3/8/2014 9:19:08 AM
Siena Success: Miguel Franco '13
Tuesday, May 21, 2013
By Sarah Vistocco '13
Newly minted Siena College graduate Miguel Franco ’13 thought outside the box when deciding what to research for his Honors Thesis. As a student in the J. Spencer and Patricia Standish Honors Program, Franco produced an in-depth scholarly research paper on a topic that, to the casual observer, may seem a little off beat. The religious studies major, multicultural studies minor and hip-hop music fan spent the past three semesters combining two personal areas of interest in his paper titled, “Rap’s Religious Sensibilities: A Window into the Soul of the Oppressed.”
“His work has the potential to open up new scholarly conversations regarding religious rhetoric in hip-hop music, a subject that is often overlooked by hip-hop scholars and historians,” said Todd Snyder, Ph.D., assistant professor of English.

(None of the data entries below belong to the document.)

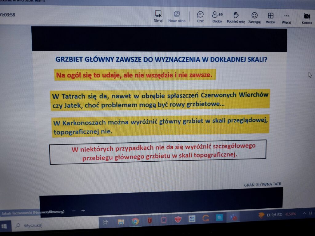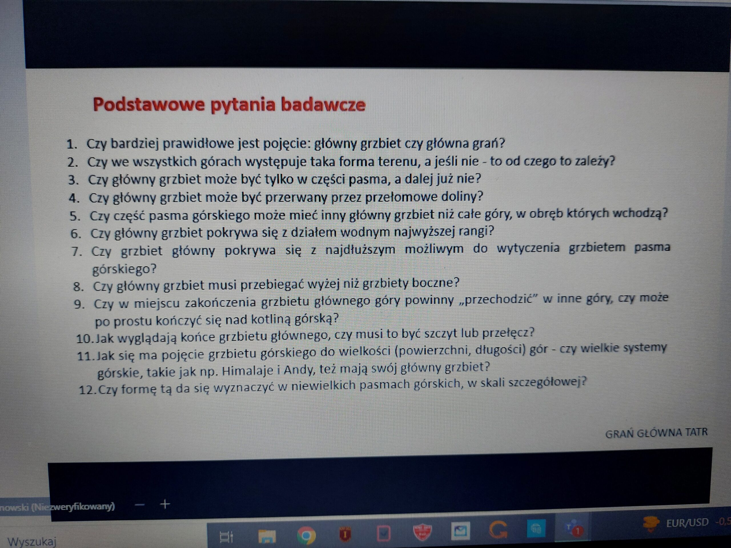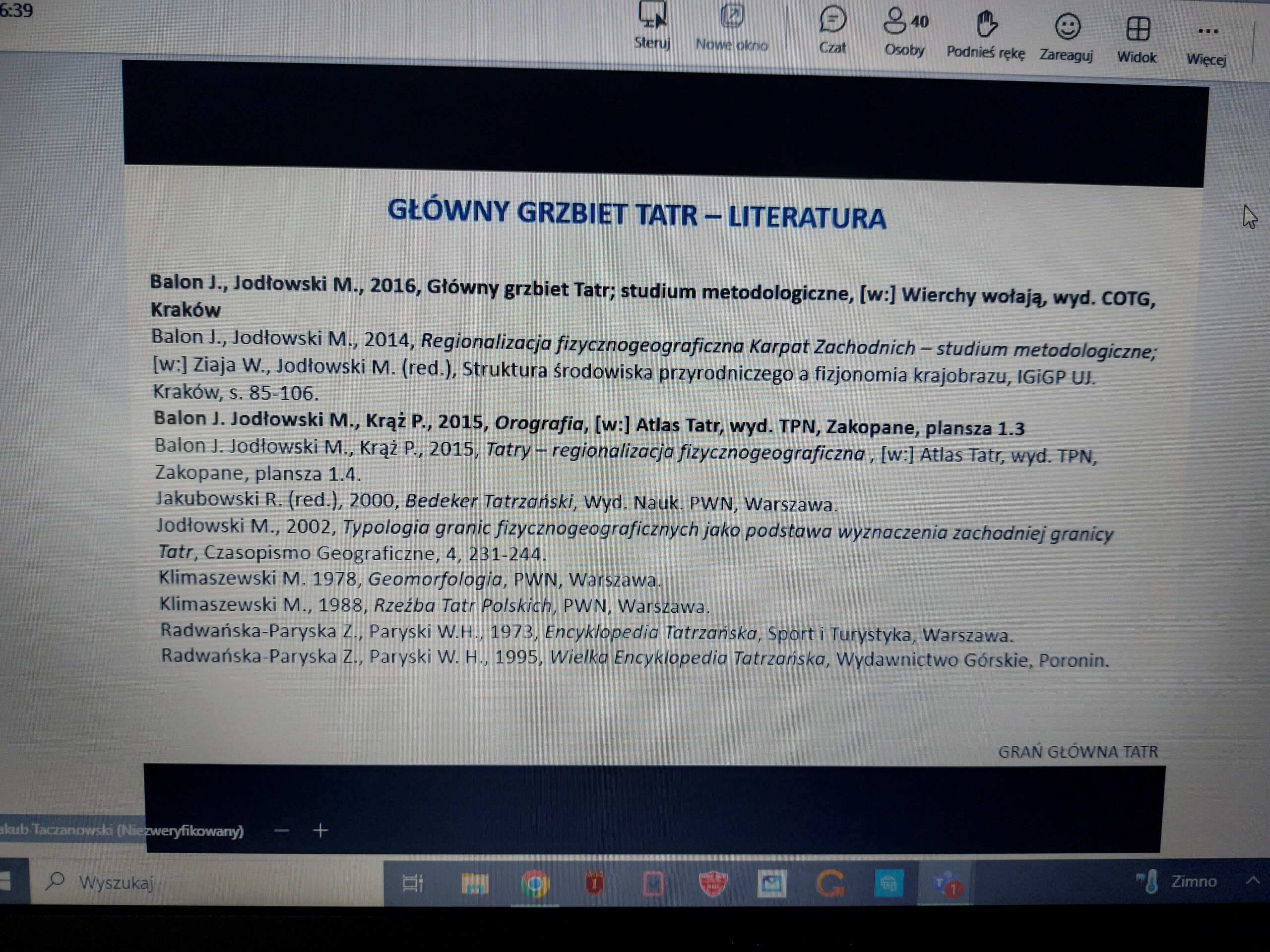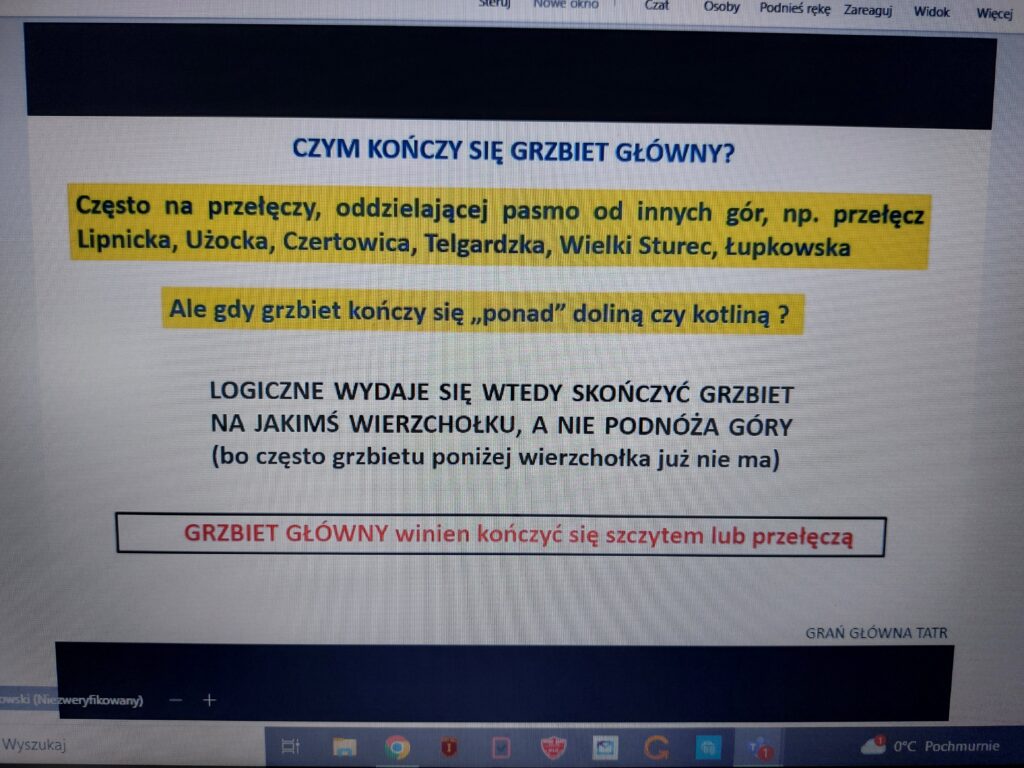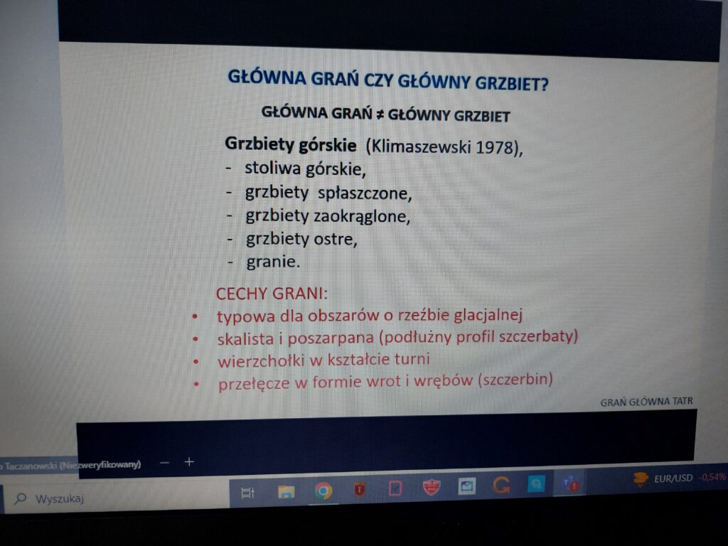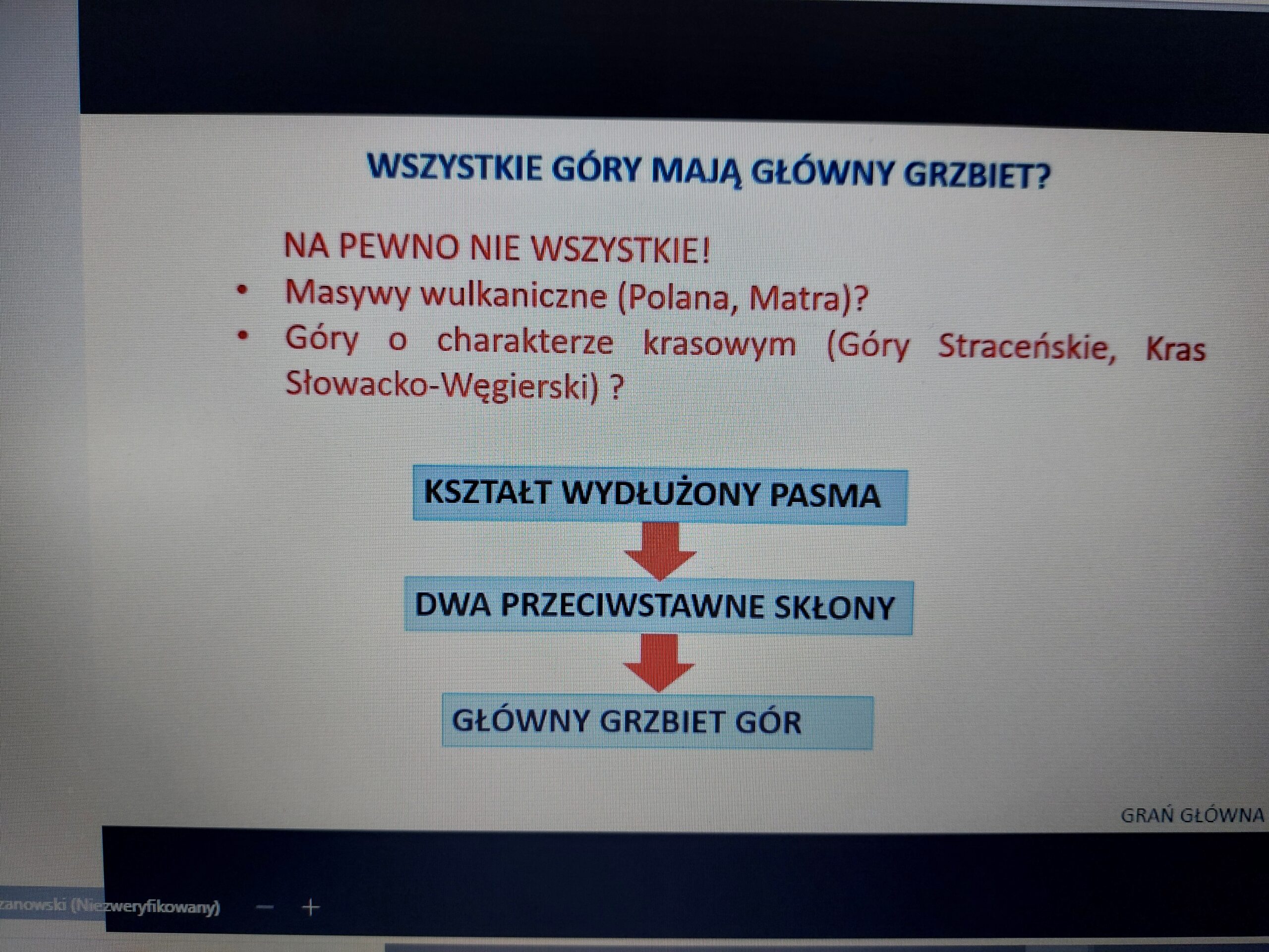 12 listopada 2024 roku uczniowie realizujący zakres rozszerzony geografii (2i, 3e, 4i), uczestniczyli w ramach współpracy I LO w oparciu o umowę partnerską z Instytutem Geografii i Gospodarki Przestrzennej UJ w Krakowie w kolejnym odczycie popularnonaukowym i dyskusji na temat :„Główna grań Tatr oczami krytycznego geografa”, poprowadzonej przez profesora Jarosława Balona (IGiGP UJ).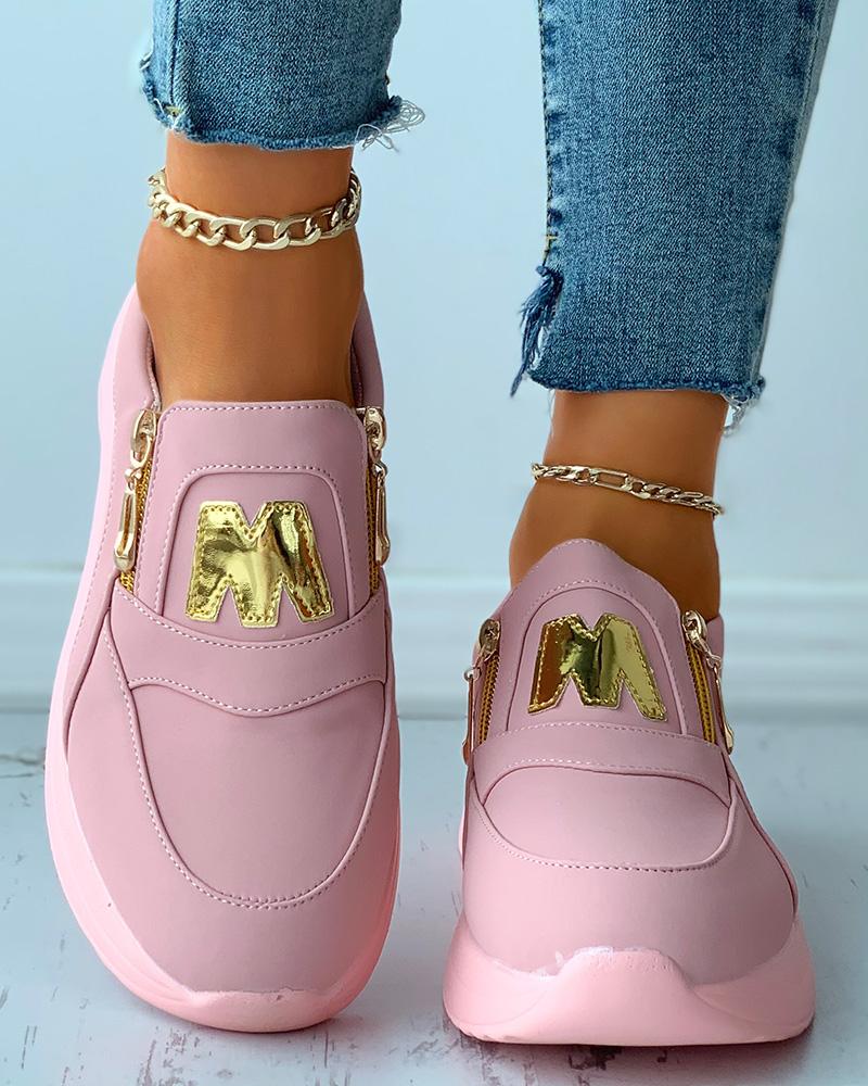 Letter Pattern Zip Decor Wedge Sneaker, Pink
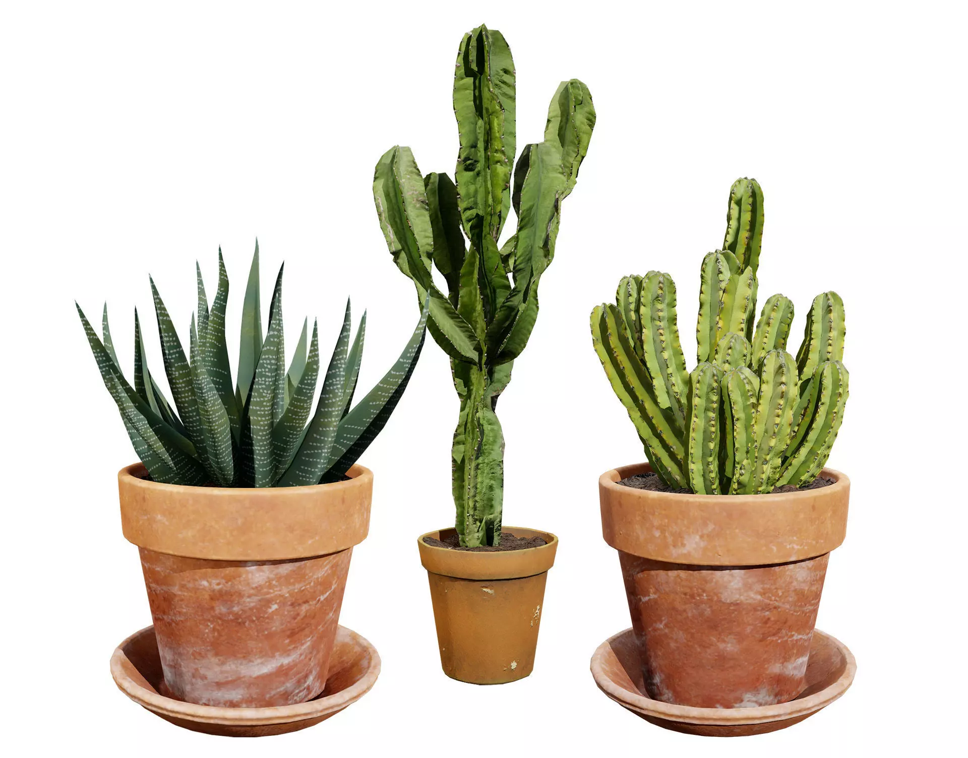 Enhance your interior design projects with this realistic 3D model of a captivating indoor cactus collection. Featuring three distinct cacti varieties in terracotta pots, this model adds a touch of natural beauty and low-maintenance greenery to any virtual space.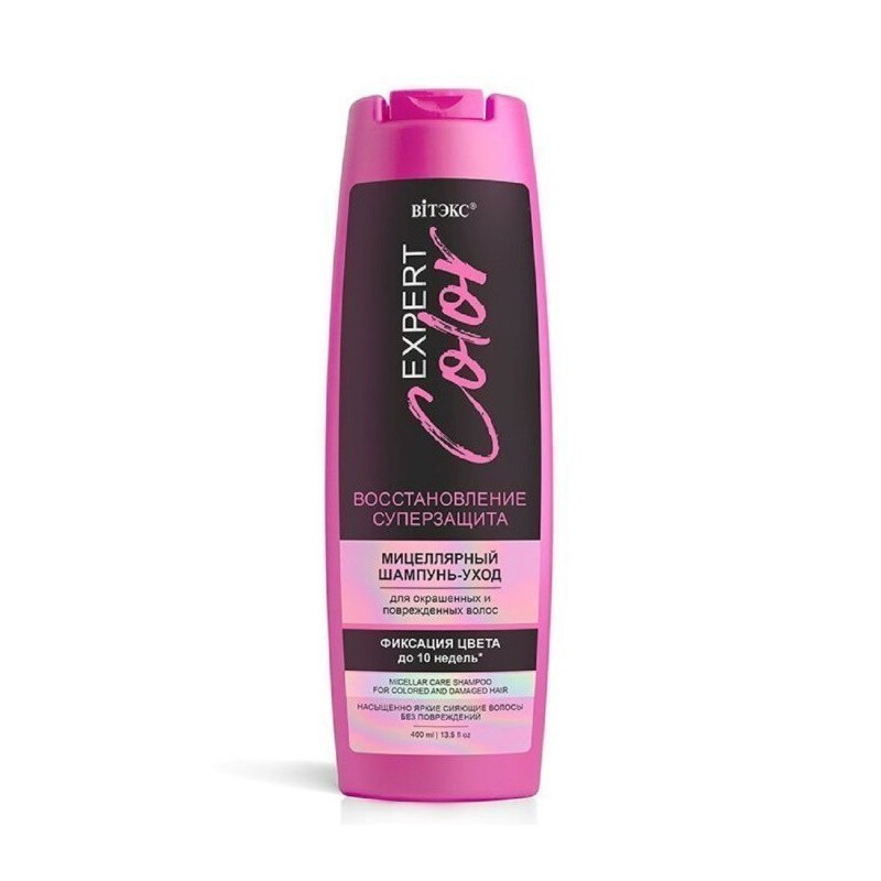 Шампунь-уход Витекс Expert Color создан по специально разработанной экспертной формуле, чтобы подарить профессиональное восстановление и суперзащиту окрашенным, мелированным, тонированным и поврежденным волосами. Современная мицеллярная технология очень мягко и при этом тщательно очищает волосы и кожу головы, не пересушивая и не вызывая раздражения.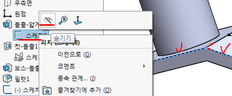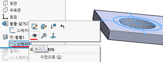 돌출컷과 돌출보스 작업이 끝나면 '보이기'를 했던 스케치는 '숨기기' 해준다.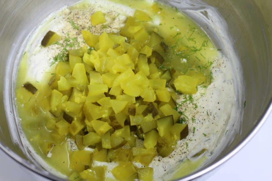 Add fresh dill, garlic powder, onion powder, salt, pepper and dill pickles. Use a wooden spoon and mix together.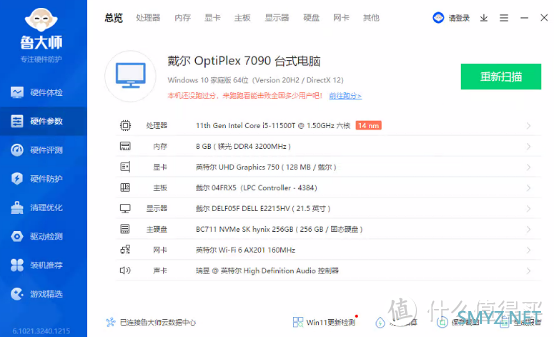 今天我们要测试的这一款机器,应该说是近期微型机准系统里最具代表性的一款产品,它就是戴尔商用OptiPlex 7090 MFF(微型机),标配准系统搭载第11代智能英特尔® 酷睿™ i5-11500T (6 核,12MB 缓存,1.5GHz 至 3.9GHz,35W)处理器,8G DDR4 3200MT/s 内存,M.2 256GB PCIe NVMe Class 35固态硬盘,集成intel UHD Graphics 750 显卡(性能比上一代630有很大提升),Intel AX201无线网卡,系统为Windows 10 64位家庭中文版;其实已经有很多博主对这款机器在微软平台下进行过测试,总体表现还是非常棒的;这次花了3299买了一台,除了看看它在微软平台下的表现外,主要还是为了看它在黑苹果系统和统信系统(UOS)下对于各应用软件的支持及兼容情况,好了,废话不啰嗦,先上配置再上图:【机箱】OptiPlex 7090 微型机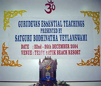 "The Malaysian Devotees organized A 5-day Himalayan Academy Study Retreat from the 22nd to 26th of December 2004. At the Teluk Batik Resort, Perak With Satguru Bodhinatha Veylanswami.

Snyder had a profound impact on Franco’s work. Franco took Snyder’s Rhetoric(s) of Hip-Hop Culture class and it became a conduit for the academic content he needed to support his thesis. “A lot of what I wrote for this class ended up in my thesis,” said Franco. His work demonstrates how the worlds of rap and religion are not as separate as one might think.
Franco’s research focused on the historical foundations of the African-American community and its influence on the art created in the rap community from a religious perspective. “I want to show how the historical context and socioeconomic context help shape those type of stories you cling to,” said Franco.
“Miguel has a remarkably synthetic intelligence. He sees exciting, important connections among seemingly disparate ideas and practices,” said Professor of Religious Studies Tom Dickens, Ph.D., who served as Franco’s mentor throughout the writing process.
In April, Franco presented his work at the National Conference on Undergraduate Research at the University of Wisconsin-LaCrosse. The conference allowed students to share their research with peers and professionals from all fields. Four other Siena College students also attended the conference. Their trips were funded through Siena’s Center for Undergraduate Research and Creative Activity.
At the conference, Franco played a segment of Kanye West’s “Jesus Walks” music video to connect the content of his paper to the music he studied. “I played the video (and) then I showed them how I dissect … how he’s using religious rhetoric to push a religious agenda or talk about the divine through his understanding of it,” said Franco.
“One of the very basic reasons scholars and students do research in the first place is to share what they find and see what others think,” said Director of the Standish Honors Program Lois Daly Ph.D. “Miguel’s work brings together two very valuable aspects of human life: religion and music, and he does this in a way that most people will not have thought about.”
Snyder believes that Franco’s work has the ability to create a dialogue in a growing field of study. “Anyone who reads Miguel’s work will soon find that hip-hop is a subject worthy of scholarly attention,” Snyder said.